Don’t put key workers at end of the Covid vaccine queue, warn UK unions


Senior public health advisers and unions have warned that frontline workers could die unnecessarily from Covid-19 because they have not been prioritised in the government’s vaccine distribution plan.

The Department of Health’s interim plan for delivering a new vaccine, which could be approved by the end of the year and rolled out in 2021, prioritises the elderly along with health and care workers but doesn’t include essential workers in the most dangerous roles.

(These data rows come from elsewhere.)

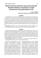 Mecanismele de activitate e-guvernamentală din Republica Moldova comparativ cu cadrul decizional de internaţionalizare al UE Reuşitele e-guvernamentale macrosistemice denotă oportunizarea macro- şi micromediilor decizionale implementând şi aplicând o multitudine de mecanisme şi instrumente care, fiind diversificate, contribuie la fortificarea opiniei publice comune. Ciberadministrarea dezvoltă cele mai importante mecanisme de consolidare a uniformizării e-guvernamentale a micromediilor, nemijlocit, Republica Moldova fiind parte componentă şi participativă la evoluţionarea e-guvernării decizionale microsistemice similar directivelor vectorilor macrosistemici.
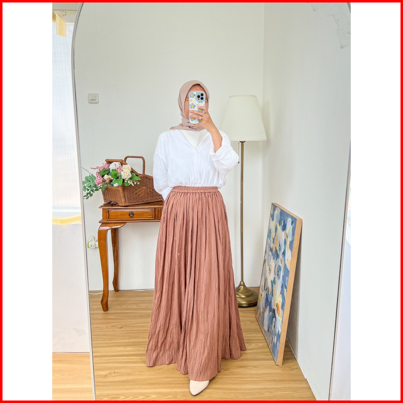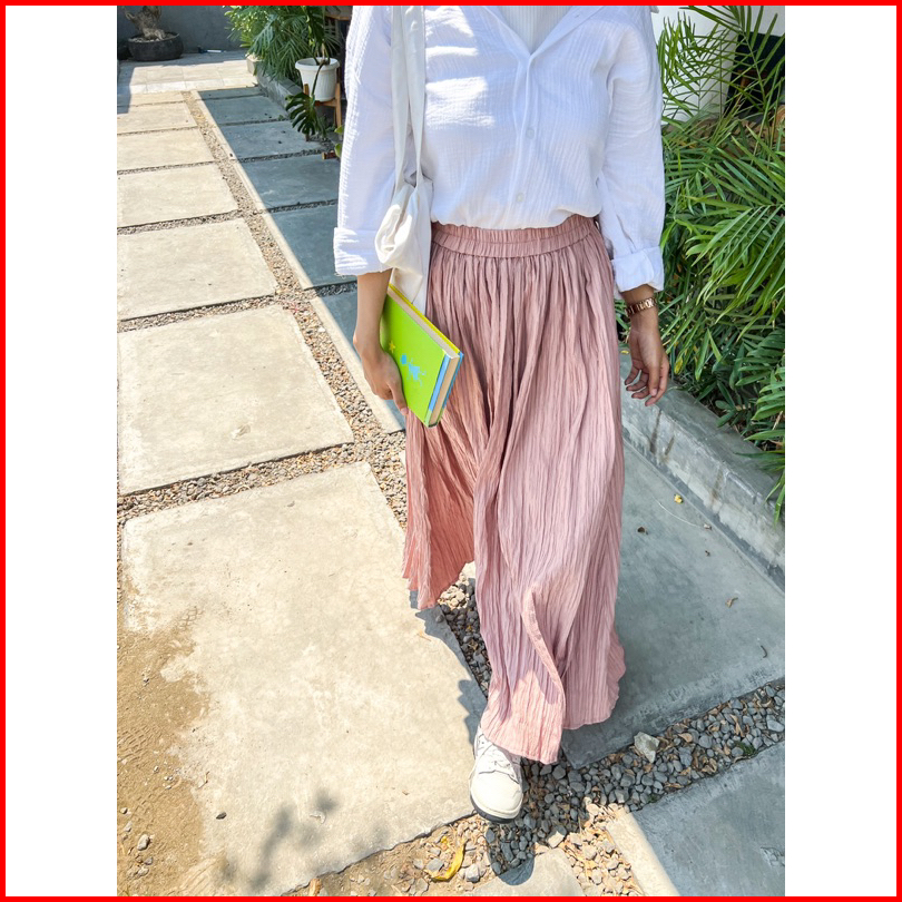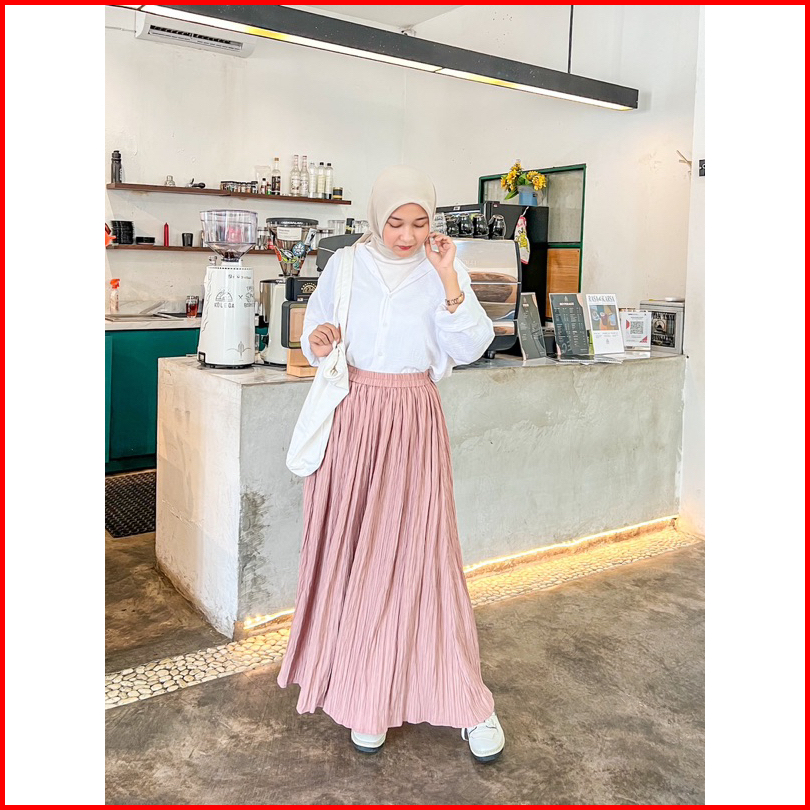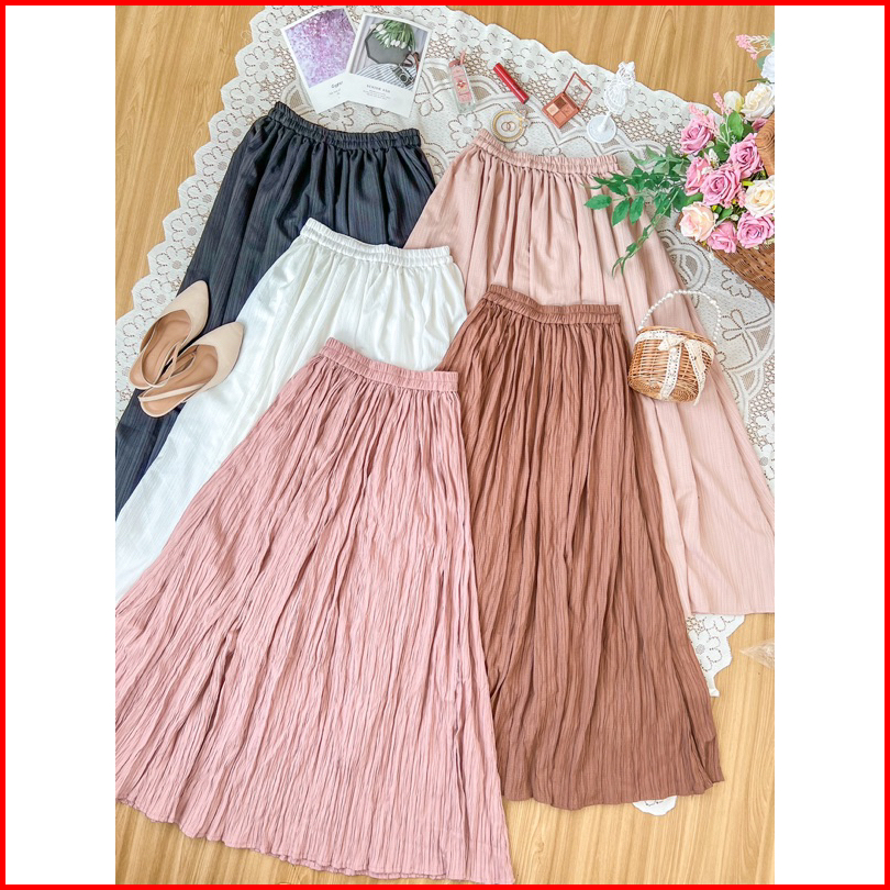 Queenie Skirt By Kimka Hijab Rok Cringkle Korea Rok Jumbo Lebar Wanita Rok Korea Terlaris
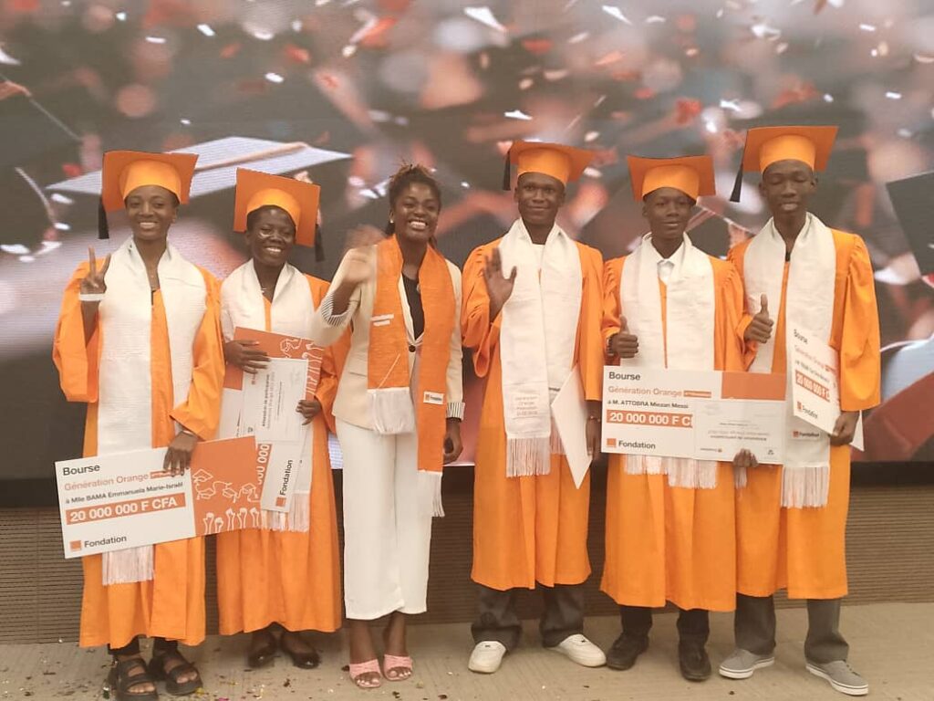 Le programme « Génération Orange », piloté par la Fondation Orange Côte d’Ivoire, accompagne chaque année une quarantaine de lycéens sur trois ans, de la seconde à la terminale, en leur fournissant bourses, kits scolaires et appui pédagogique.

There was also anger that the government has yet to commit to vaccinate thousands of people who work in hospitals such as cleaners, porters, security guards and patient transport drivers.

Steve Green, a hospital security guard in London, who is still struggling with the physical after-effects of contracting Covid, said outsourced staff should not be left out of an early vaccine rollout. “The doctors and nurses are my friends – of course they should be vaccinated first – but I thought, after last time, people had stopped seeing us as second class,” said Green, not his real name. “Just because there’s a different company on our payslips – we’re still NHS at heart – why don’t they think I need protecting?”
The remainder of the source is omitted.